# ISPConfig Beständigkeit



## Raver (29. Apr. 2012)

Hallöchen!
Ich habe mal eine allgemeine Frage zum ISPConfig - In den letzten Monaten/Jahren sind viele, einigermaßen große Systeme von der Bildfläche verschwunden - kleines Beispiel: ISPCP Omaga und SysCP - Das sind riesige Projekte gewesen und die sind jetzt einfach "tot" könnte man sagen.
Wie sieht das aus mit ISPConfig? Da wir mehrere Dedizierten Maschinen umstellen wollen auf ein solches System und ISPConfig nun schon einige Wochen bei mir gut läuft wollte ich das dafür ganz gerne nutzen. Dies ist aber eine schwerwiegende Entscheidung, da ich diese Maschinen nicht mal eben neuinstallieren könnte um alles wirklich restlos zu entfernen um dann ein anderes System zu installieren.
So wie ich das sehe ist hier der einzige der wirklich aktiv Support gibt Till, deswegen macht mich das so ein wenig stutzig und ich mache mir eben Gedanken ob das System nicht in einem Jahr oder so ebenfalls down ist. Ich hoffe, dass ihr mir dies beantworten könnt.

Mfg


----------



## Burge (29. Apr. 2012)

Endgültigen Support bekommst du auch wenn du den kostenpflichtigen nimmst.
Till und Falko sind die Entwickler von Ispconfig daher können die am meisten dazu sagen. Aber es sind auch viele andere hier im Forum die helfen wenn sie die antworten wissen. Wobei man aber wirklich sagen muss das gerade Till hier noch niemanden eine antwort schuldig geblieben und ist und auch hier im supportforum sehr geduldig sich der vielen Sachen annimmt.


Etwas mehr betrieb ist auch im englischen part des Forums.


----------



## Fastserv (30. Apr. 2012)

Hallo,

ich bin auch gerade von den beiden genannten Systemen auf ISPConfig umgestiegen. Ich habe ISPConfig 2 Jahre beobachtet und habe mit dem Launch von Version 3 beschlossen umzusteigen.

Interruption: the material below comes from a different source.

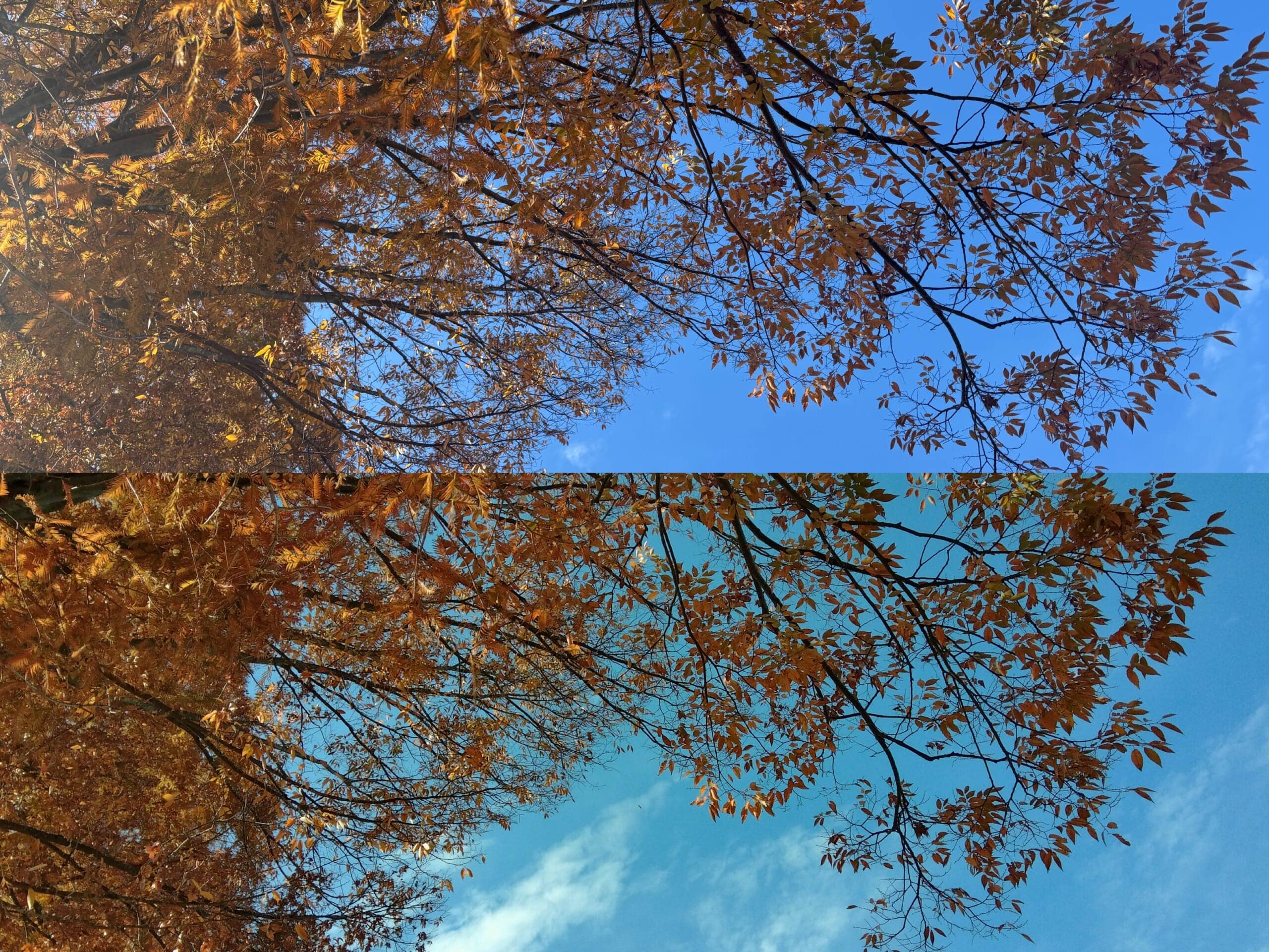 同じ場所から空と木を入れて撮ってみたら、こんなにも色みが違う…!

Der Support von Till ist wirlich unglaublich schnell und kompetent.
Sicherheit ob es das Projekt dauerhaft gibt hat man bei einen OpenSource Projekt natürlich keine - ich hab da aber ein sehr gutes Gefühl 

Gruß
Stefan


----------



## Till (30. Apr. 2012)

Hallo Raver, 

im Gegensatz zu den von Dir genannten Controlpanels wird ISPConfig von mehreren Firmen und ISP's entwickelt, ist also kein Hobbyprojekt. ISPConfig gibt es jetzt schon seit mehr als 8 Jahren wenn man beide ISPConfig Versionen zusammen nimmt und Du erhältst für ISPConfig auch kommerziellen Support durch die Firma projektfarm GmbH (siehe Seite Support auf ispconfig.de). Das Forum hier ist die ISPConfig Community in der wir versuchen Fragen auch zeitnah zu beantworten, wenn Du es mal eilig hast dann kannst Du unseren Support hier kontaktieren:

projektfarm :: Support Ticket System

Das ich den Support hier alleine mache liegt einfach daran dass es sich bei der aktuellen Anzahl an Fragen nicht lohnt mehr als einen Mitarbeiter von Seiten der ISPConfig Entwickler damit zu beschäftigen. Außerdem werden ja auch Fragen von der Community jederzeit schnell beantwortet wie Du an Deinem Thread hier siehst.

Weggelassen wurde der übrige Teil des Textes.